*** Opening Data extract ***

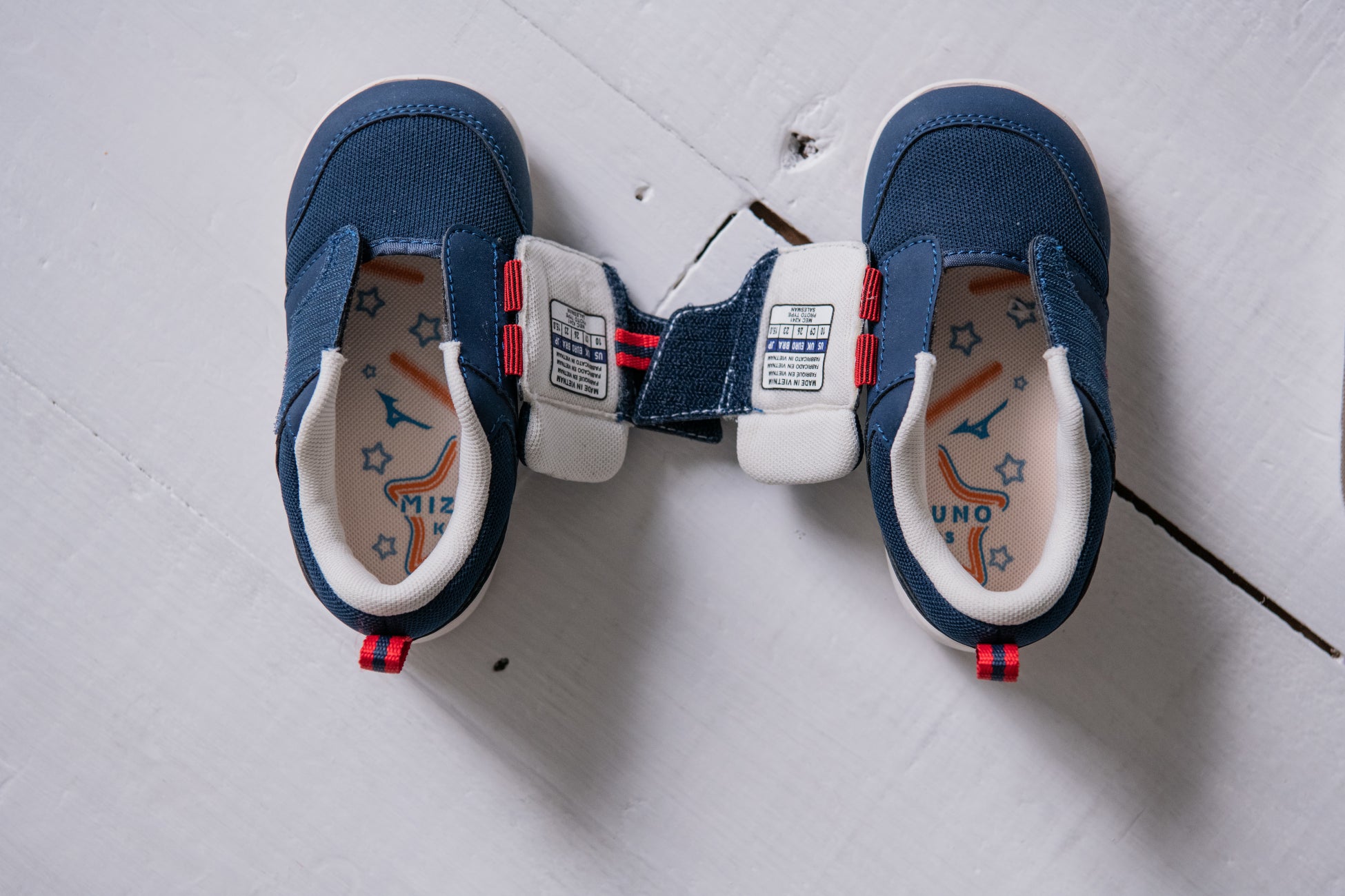 「ミズノ プレモア」シリーズは、子どもの「やってみたい・できた」という気持ちを引き出し、子どもの可能性を伸ばすことをコンセプトにしています。今回発売する「ミズノ プレモア2」では、特許取得のミズノ独自のアッパー構造『ピットイン構造』、独自のソール設計『ミズノ プレモアソール』はそのままに、ベルトとアッパー部のテープを合わせることでベルトを真っ直ぐきれいに締めやすいデザインや、左右をそろえると星になるインソールデザインを採用しています。それによって、子どもが一人でも左右を間違えることなく、真っ直ぐきれいに靴を履けるような後押しをします。
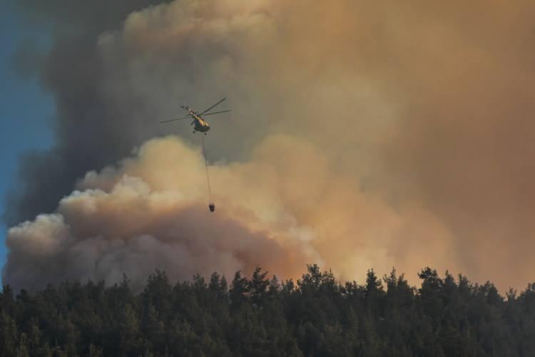 Yangına 2 helikopter, 8 arazöz ve 9 su tankeriyle müdahale ederek kontrol altına alan ekipler, soğutma çalışmasını sürdürüyor.
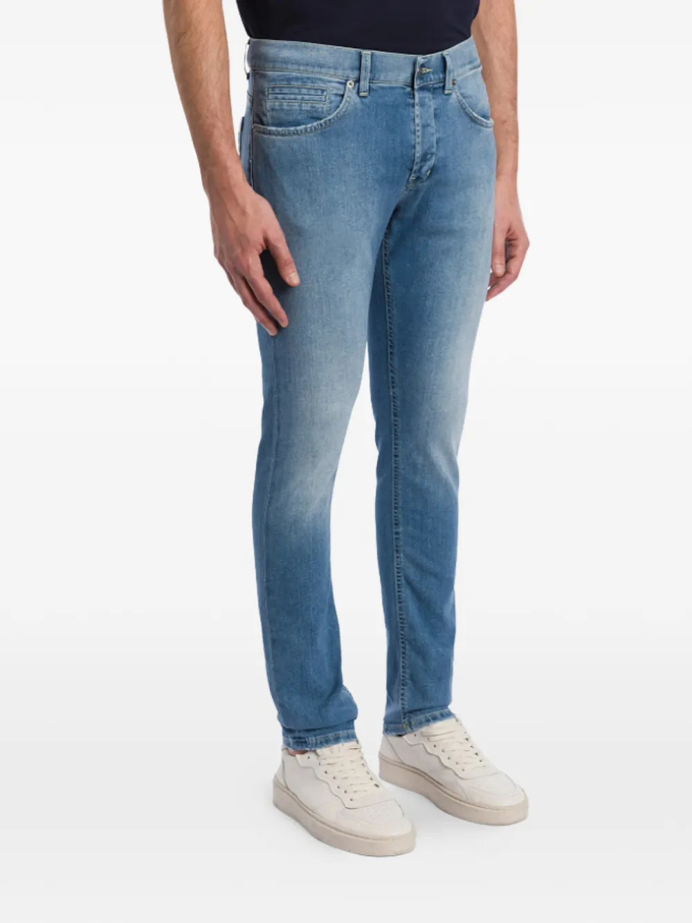 azul costuras del mismo tono cinco bolsillos cierre de botón
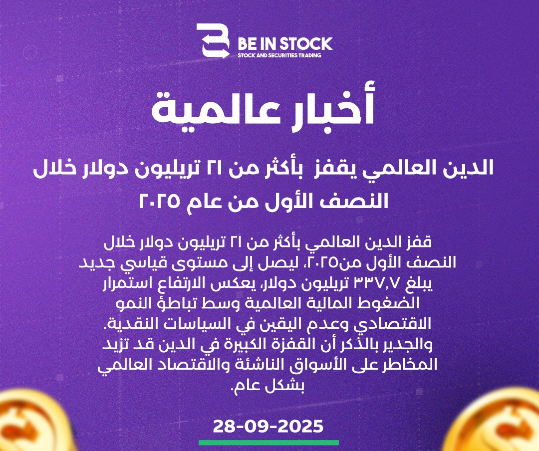 الدين العالمي يقفز بأكثر من 21 تريليون دولار خلال النصف الأول من عام 2025 سبتمبر 29, 2025 لا توجد تعليقات
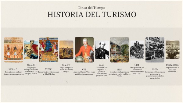 El contenido mostrado, es sobre la historia del Turismo en una linea temporal.

*** Closing Data extract ***

Action item → Pictures excluded, return exactly the lines from the one with "الدين العالمي يقفز" through the final line of the entries above, both included.

Result of the task →
 الدين العالمي يقفز بأكثر من 21 تريليون دولار خلال النصف الأول من عام 2025 سبتمبر 29, 2025 لا توجد تعليقات
 El contenido mostrado, es sobre la historia del Turismo en una linea temporal.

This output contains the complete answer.